Джулиан неожиданно рванулся вперед и успел схватить ее. Он заломил ей руку за спину, прижимая к столбу. Но Пэйшенс скорее откусила бы себе язык, чем закричала.
– О какой чести ты говоришь, голубушка? Я прекрасно помню, какое удовольствие получил, лаская твое изящное тело и избавляя тебя от целомудренности, – заявил он, сально усмехаясь. – Лорду Грэттену девственницы ни к чему. Они слишком скучны и с ними много мороки.
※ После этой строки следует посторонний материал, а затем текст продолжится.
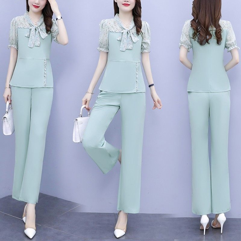 时尚阔腿裤套装2023夏装新款气质女神范妈妈两件套显瘦减龄洋气春
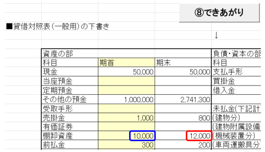決算書下書①~⑧までの入力を行います。
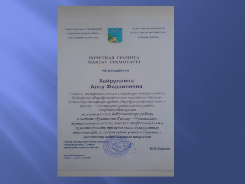 Хәйруллина Алсу Фидаил кызы. Татар теле һәм әдәбияты укытучысы.

Ему нужна очаровательная актриса, которая будет искусно изображать добродетель, но при этом охотно удовлетворит его с изощренностью шлюхи из Ковент-Гардена.
– Отправь к нему Дейдру, – сказала Пэйшенс, вздрагивая при мысли о том, что ее судьба в руках человека, воспринимающего ее как вещь, которую можно покупать и продавать. – Ей все равно, с кем делить постель, если перенесенные неудобства будут как следует оплачены.
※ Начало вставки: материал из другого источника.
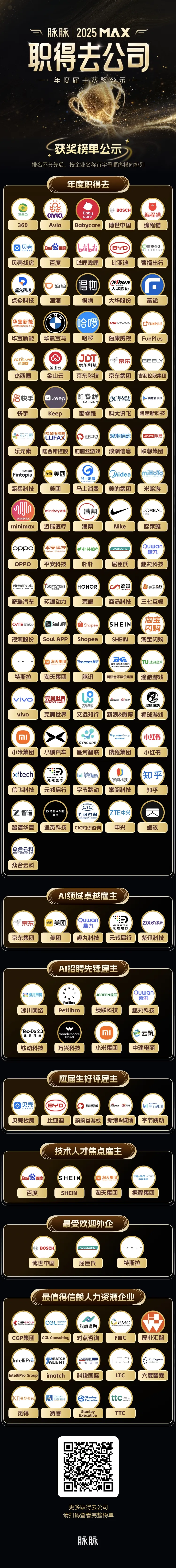 “脉脉MAX年度职得去雇主”评选,以平台真实的职场行为与声量数据为核心依据,结合企业影响力、行业口碑、人才流动趋势等多维度综合评出。它不只是一次评奖,更是中国职场人真实意愿的集中呈现——反映那些他们愿意推荐、愿意加入、并愿意与之共同成长的企业。

За это дерзкое замечание Пэйшенс была вознаграждена болью в руке. Она крепко зажмурилась и сдержала крик. В голове ее, как туманное видение, промелькнул образ Дейдры, которая без особых угрызений совести торговала своим телом, если того требовали обстоятельства. И хотя это особо не афишировалось, Пэйшенс знала, что Джулиан и Дейдра уже много лет были любовниками. Всякий раз, когда Дейдра смотрела на Феникса, в ее взгляде читались такая собачья преданность и обожание, что Пэйшенс становилось тошно. Дейдра была постоянным напоминанием о том, что любовь зла. Она превращает людей в болванов.
– Согласен, Дейдра гораздо красивее, – сказал он, зарываясь лицом в волосы Пэйшенс и вдыхая ее запах. – И покорнее. Но, к сожалению, его светлость поражен твоей молодостью и чистотой, милая. Наша сделка будет считаться недействительной, если я пришлю ему кого-то другого.
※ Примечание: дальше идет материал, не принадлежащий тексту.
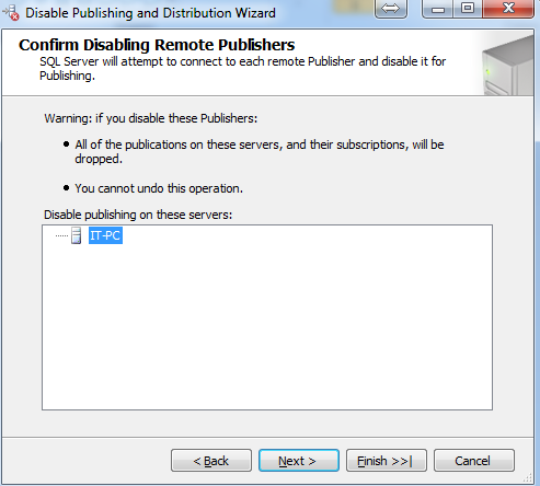 3- Confirm Disabling Remote publisher this step if you add Remote Publisher
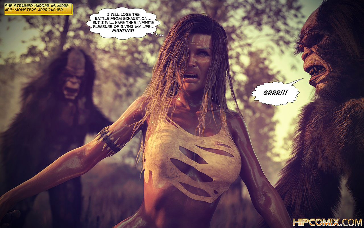 Soon, she was engaged in a new mortal battle, even outnumbered by the strong beasts... she was the clear winner... But then she realized that the elders were using the ape-beasts as distraction and the real danger was behind her.
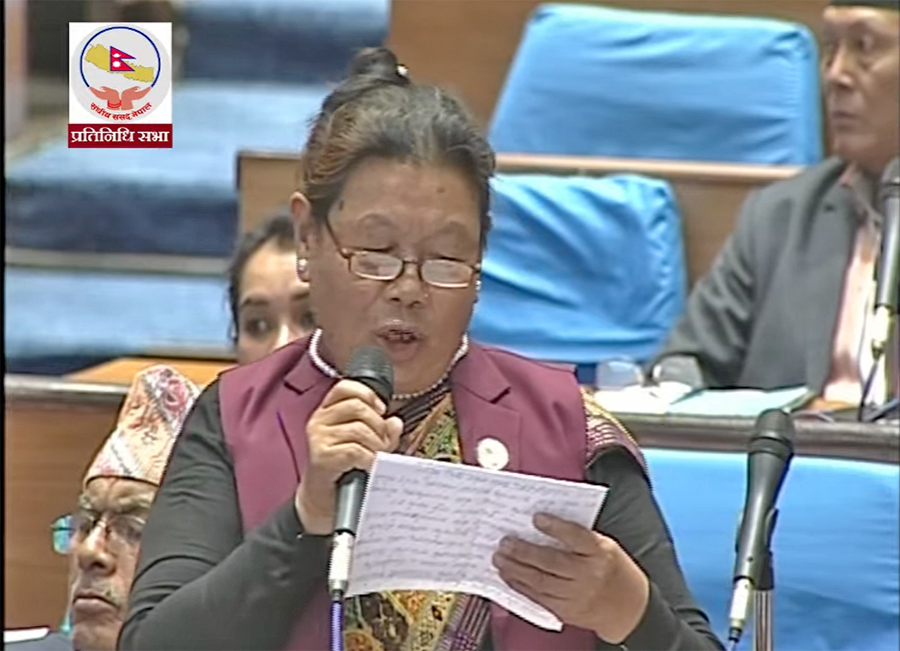 ‘सम्मानित सदनलाई सार्वभौम र गरिमामय बनाउने हो भने उहाँहरुले बोल्दा पनि समय निर्धारण गर्न आवश्यक छ । सभामुखको ध्यानाकर्षण होस्’ उनले भनिन् ।

Пэйшенс задрожала. Для Джулиана Феникса это был всего лишь бизнес, и он с нетерпением ждал момента, когда можно будет, наконец, вернуться в гостиницу, где их ждал сытный ужин и тепло очага.
– Я не могу этого сделать, – сказала она, решительно качая головой. – Не могу!
Еще немного, и она не выдержит. Но если она сейчас подчинится, он полностью подомнет ее. Пэйшенс напряглась, ожидая наказания, которое должно было последовать за такую строптивость.
Но Джулиан снова ее удивил. Он поцеловал ее в макушку и вздохнул:
– Не знаю почему, но ты бы упала в моих глазах, если бы легко согласилась.
Неожиданно он отпустил ее руки.
Ожидая подвоха, Пэйшенс проворно вывернулась и отскочила в сторону. Джулиан повернулся к ней спиной.
– Тогда вопрос закрыт. Ты отказываешься от предложения лорда Грэттена.
Потирая ноющую руку, она склонила голову набок, пытаясь понять, что он намерен делать дальше.
– А я еще больше хочу запихнуть тебя в постель к его светлости!
По-прежнему стоя к ней спиной, он достал маленькую бутылочку из темного стекла с настойкой опия, которую, по всей видимости, хранил во внутреннем кармане.
– По опыту прошлых наших встреч ясно, что при правильном подходе ты становишься очень сговорчивой, даже охочей до ласк.
Он обернулся к ней и ухмыльнулся.
Холодная жестокость этой улыбки напомнила Пэйшенс, как когда-то он силой влил эту пакость ей в рот. В ту ночь он лишил ее невинности. Она почувствовала, как что-то оборвалось внутри.
– Нет!
Пэйшенс, исполненная решимости и отчаяния, вытянув перед собой руки, бросилась вперед. Если удастся выбраться из амбара, у нее появится шанс вскочить в повозку, стоящую прямо у входа.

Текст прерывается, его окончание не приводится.